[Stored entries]
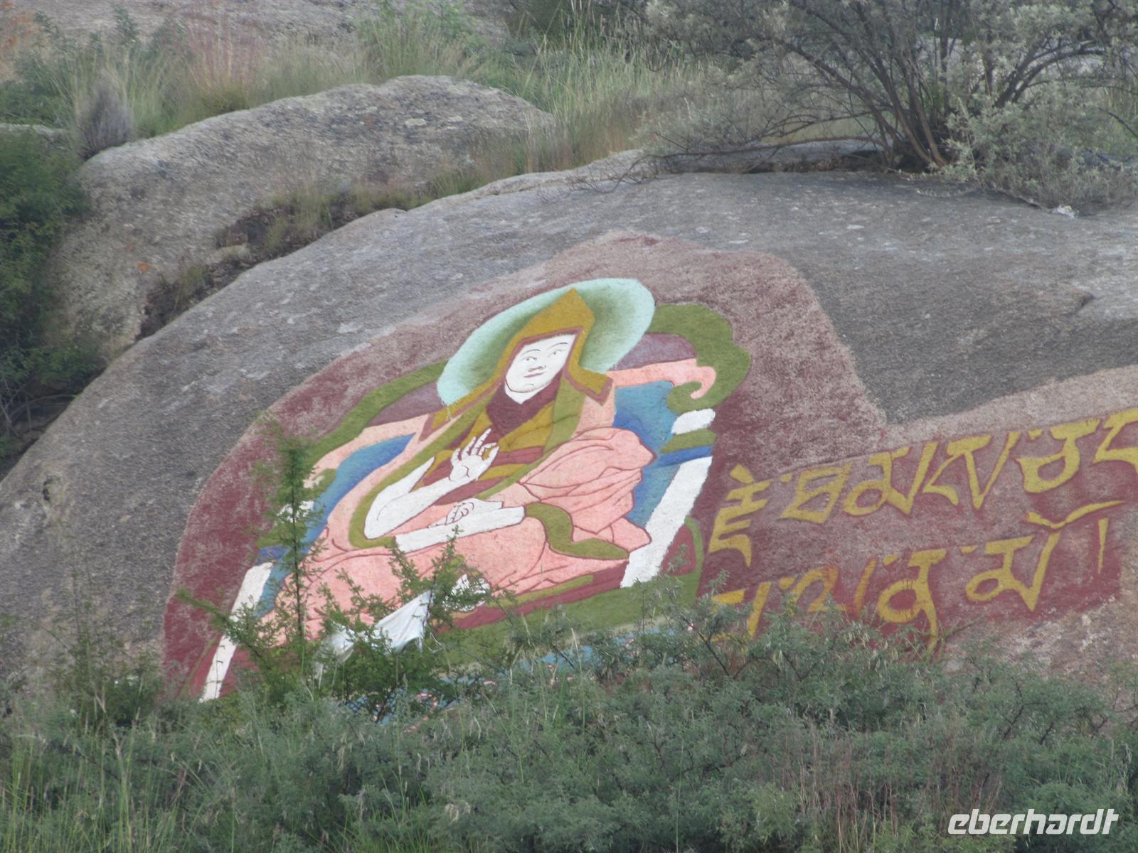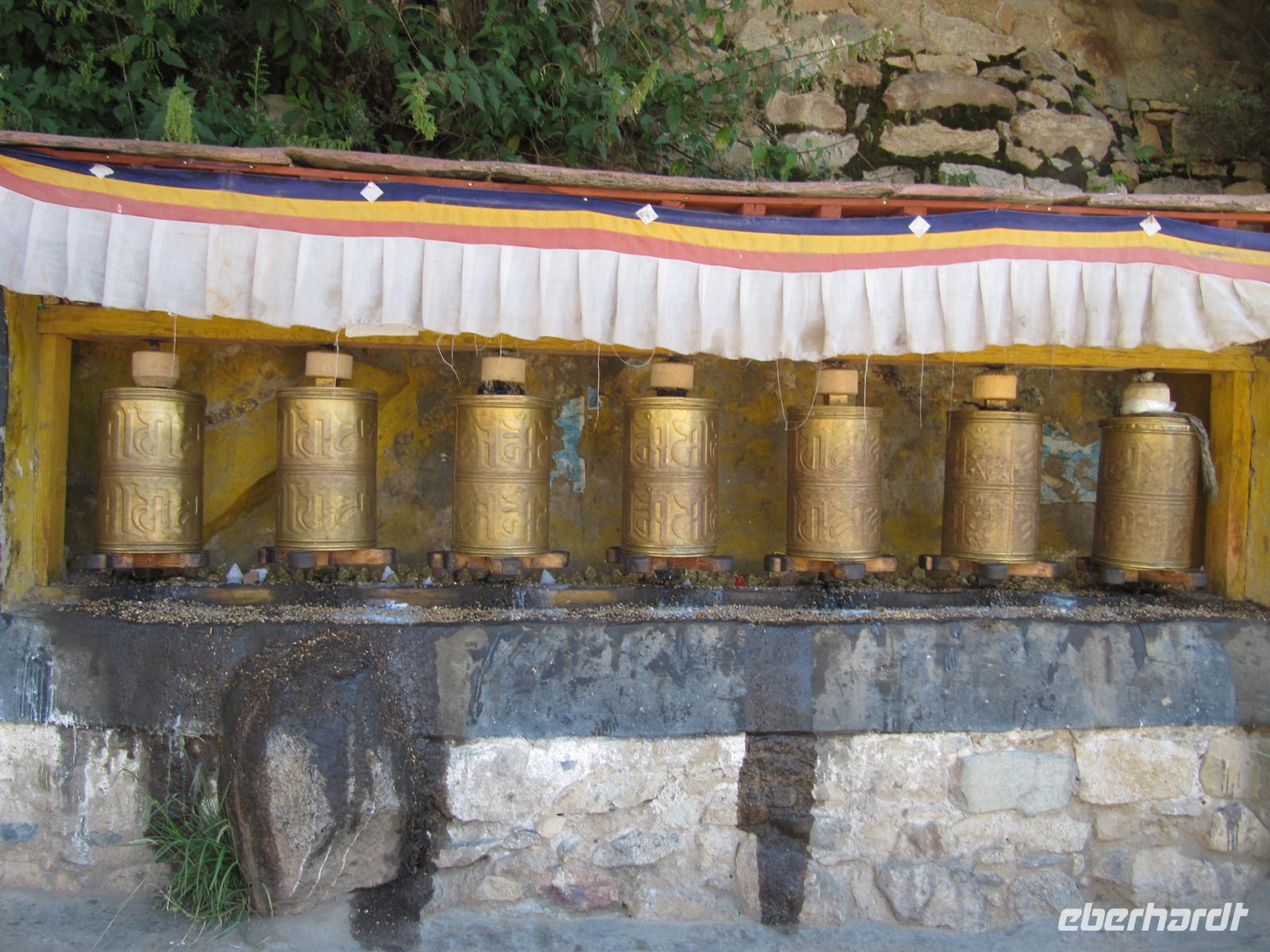 Die Worte stehen für die Zusammenfassung der 84.000 Lehrreden des Buddha. Es ist die Essenz aller Tathagata (die Qualitäten der Erleuchteten Wesen), aller Mantras (Gebete oder Hymnen) und aller Tantras (Buddhistische Mystik und Ritual). Es ist die Quelle allen Wissens und aller Errungenschaft. Wir sehen tausende Gebetstrommeln und zahlreiche Mönche, die hier leben. Noch nie haben wir solch eine religiöse Aura gespürt.
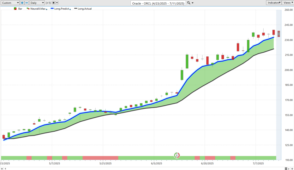 Uh, Oracle, another one of—Oracle ($ORCL)—these, uh, opportunities we looked at in previous weeks. And again, we can say, okay, well, as far as traders making adjustments in the market, where are these predicted highs and lows settling in at? And so, we see moving down to this predicted low, getting a nice uplift. Uh, and even in these, uh, weeks where we really run sideways, you see the software does a good job at saying, “Look, expect prices to remain down at these predicted lows, but still the overall trend is to the upside.” And so, you see you get a little bit of a gappy price action where you eventually scoot up to those predicted lows, settle lower, scoot back up and gap up to those predicted lows, uh, and the market resumes forward. You see that neural index very bullish, anticipating consistent strength over these subsequent 48-hour periods.
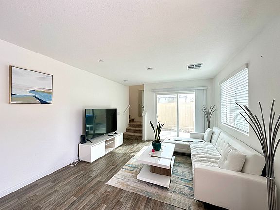 Modern 3 bed, 2 bath fully furnished townhouse featuring sleek, contemporary decor throughout. Enjoy an open-concept layout with a stylish living area and a dining space perfect for entertaining. The kitchen boasts granite countertops, stainless steel appliances, and ample cabinetry. Each bedroom is tastefully furnished for comfort and functionality. Bathrooms are updated with modern fixtures. Additional highlights include in-unit laundry, private parking, and an EV charger for electric vehicles. Ideal for those seeking convenience, comfort, and a modern lifestyle. PRICE IS THE SAME FURNISHED OR UNURNISHED.
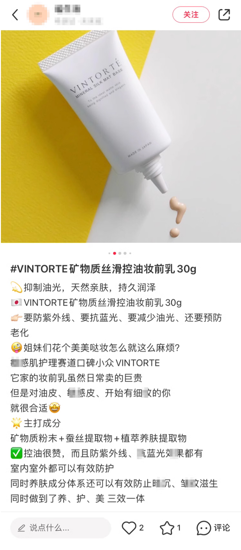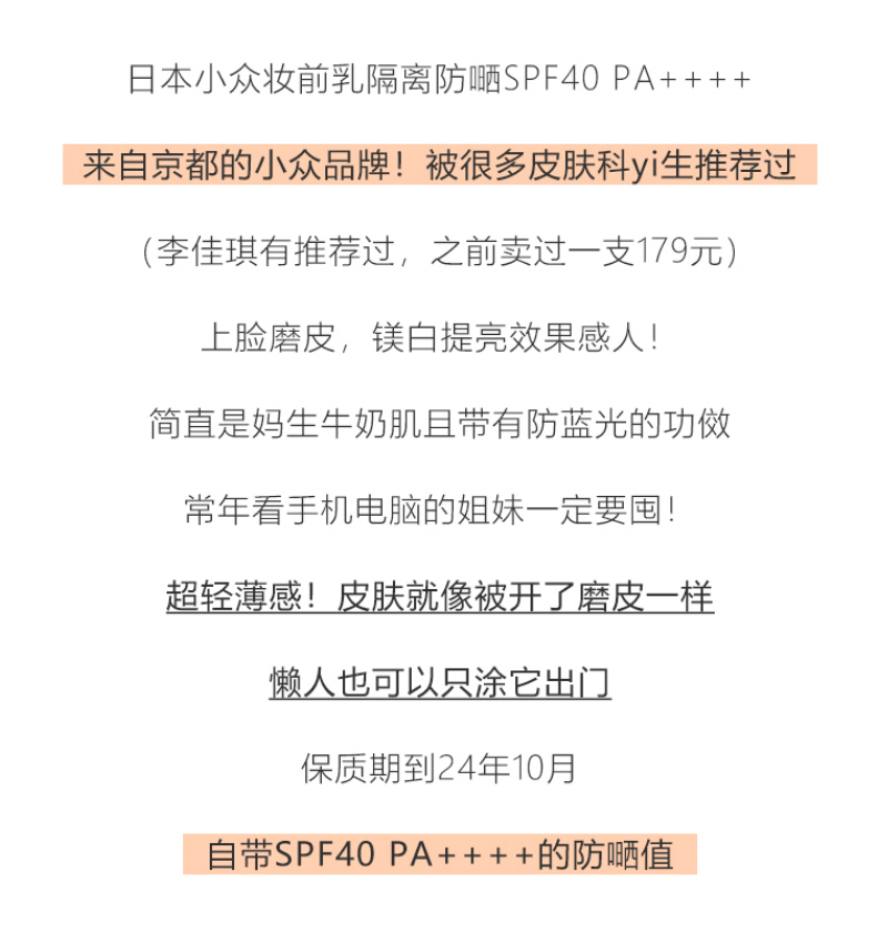 【商品名称】日本VINTORTE防蓝光哑光妆前乳30g SPF40 PA++++
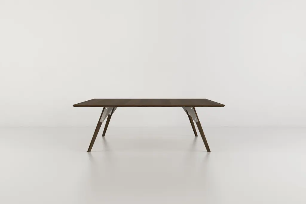 The Clarke Collection comes in ten different table top sizes, two wood species, and two metal finishes. The exposed stainless steel bolts blur the line between Scandinavian and Industrial styles.
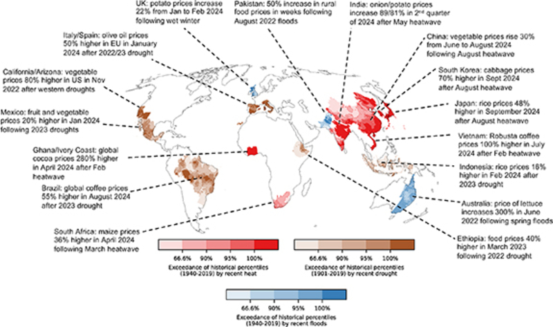 The researchers wrote, “We bring together reports by national and international media of food prices spiking in response to climate extremes across a range of countries to build a global picture. These reports typically rely on interviews with local producers, consumers and industry specialists in order to link price increases to recent weather conditions. As such, they provide a valuable narrative approach leveraging local knowledge to connect price changes with weather, which complements recent statistical analyses relying on a detailed causal modelling framework.”
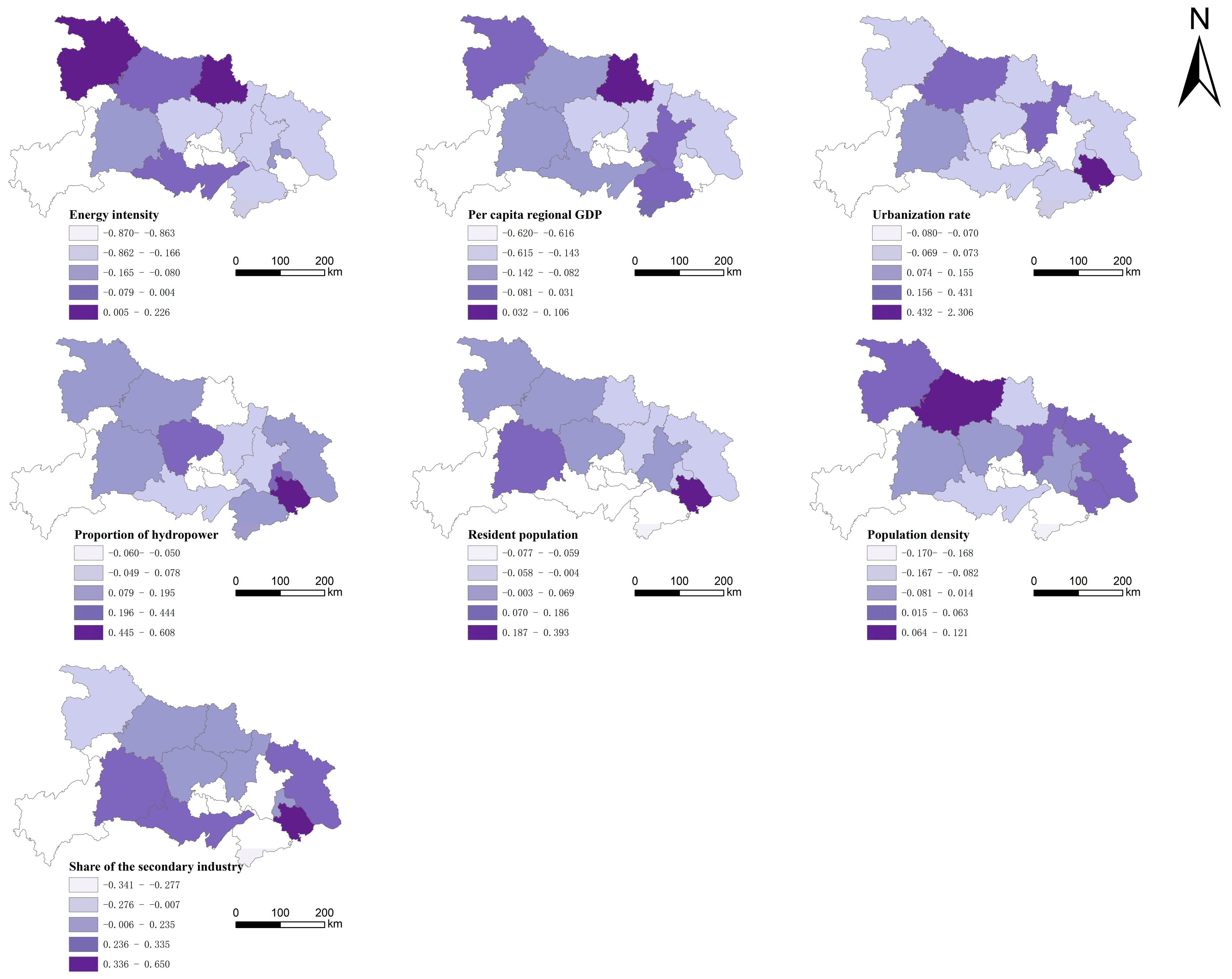 4.4.2. Spatiotemporal Heterogeneity in the Effects of Determinants
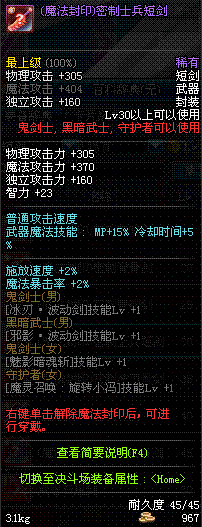 | 30 | (魔法封印)密制士兵短剑 | *Lv29~36普通地下城怪物掉落 *完成[再探英雄冢]任务 *使用Lv29~36怪物掉落的设计图进行制作 |
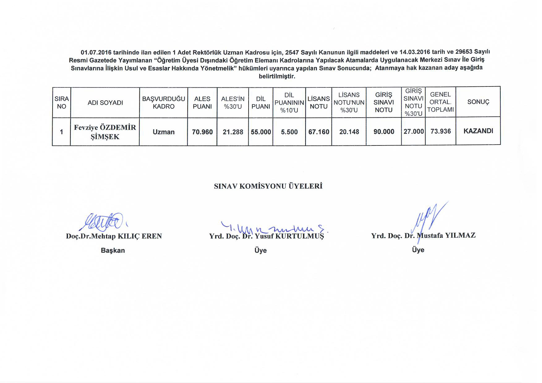 Rektörlük-Uzman Kadrosu için 01.08.2016 tarihinde yapılan Giriş Sınavı Sonuçları Açıklanmıştır
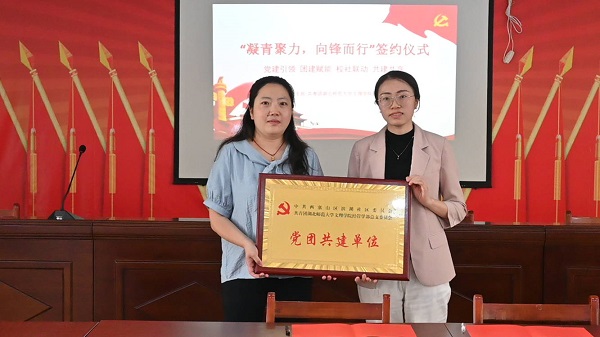 最后,校团委陈荟芸书记发表讲话。她表示此次与滨湖社区共建大学生社会实践基地活动促进了校地融合,为推进大学生社会实践创造了良好条件,亦为青年学生接触社会、了解社会、服务社会提供了宝贵机会。紧接着经管学部团总支姜希望书记与滨湖社区易姣书记共同签订了党团共建协议书,陈荟芸书记和易姣书记共同为“党团共建单位”揭牌。

[Exercise aim] Retype the records above exactly. Leave the pictures out.

[Reply]
 Die Worte stehen für die Zusammenfassung der 84.000 Lehrreden des Buddha. Es ist die Essenz aller Tathagata (die Qualitäten der Erleuchteten Wesen), aller Mantras (Gebete oder Hymnen) und aller Tantras (Buddhistische Mystik und Ritual). Es ist die Quelle allen Wissens und aller Errungenschaft. Wir sehen tausende Gebetstrommeln und zahlreiche Mönche, die hier leben. Noch nie haben wir solch eine religiöse Aura gespürt.
 Uh, Oracle, another one of—Oracle ($ORCL)—these, uh, opportunities we looked at in previous weeks. And again, we can say, okay, well, as far as traders making adjustments in the market, where are these predicted highs and lows settling in at? And so, we see moving down to this predicted low, getting a nice uplift. Uh, and even in these, uh, weeks where we really run sideways, you see the software does a good job at saying, “Look, expect prices to remain down at these predicted lows, but still the overall trend is to the upside.” And so, you see you get a little bit of a gappy price action where you eventually scoot up to those predicted lows, settle lower, scoot back up and gap up to those predicted lows, uh, and the market resumes forward. You see that neural index very bullish, anticipating consistent strength over these subsequent 48-hour periods.
 Modern 3 bed, 2 bath fully furnished townhouse featuring sleek, contemporary decor throughout. Enjoy an open-concept layout with a stylish living area and a dining space perfect for entertaining. The kitchen boasts granite countertops, stainless steel appliances, and ample cabinetry. Each bedroom is tastefully furnished for comfort and functionality. Bathrooms are updated with modern fixtures. Additional highlights include in-unit laundry, private parking, and an EV charger for electric vehicles. Ideal for those seeking convenience, comfort, and a modern lifestyle. PRICE IS THE SAME FURNISHED OR UNURNISHED.
 【商品名称】日本VINTORTE防蓝光哑光妆前乳30g SPF40 PA++++
 The Clarke Collection comes in ten different table top sizes, two wood species, and two metal finishes. The exposed stainless steel bolts blur the line between Scandinavian and Industrial styles.
 The researchers wrote, “We bring together reports by national and international media of food prices spiking in response to climate extremes across a range of countries to build a global picture. These reports typically rely on interviews with local producers, consumers and industry specialists in order to link price increases to recent weather conditions. As such, they provide a valuable narrative approach leveraging local knowledge to connect price changes with weather, which complements recent statistical analyses relying on a detailed causal modelling framework.”
 4.4.2. Spatiotemporal Heterogeneity in the Effects of Determinants
 | 30 | (魔法封印)密制士兵短剑 | *Lv29~36普通地下城怪物掉落 *完成[再探英雄冢]任务 *使用Lv29~36怪物掉落的设计图进行制作 |
 Rektörlük-Uzman Kadrosu için 01.08.2016 tarihinde yapılan Giriş Sınavı Sonuçları Açıklanmıştır
 最后,校团委陈荟芸书记发表讲话。她表示此次与滨湖社区共建大学生社会实践基地活动促进了校地融合,为推进大学生社会实践创造了良好条件,亦为青年学生接触社会、了解社会、服务社会提供了宝贵机会。紧接着经管学部团总支姜希望书记与滨湖社区易姣书记共同签订了党团共建协议书,陈荟芸书记和易姣书记共同为“党团共建单位”揭牌。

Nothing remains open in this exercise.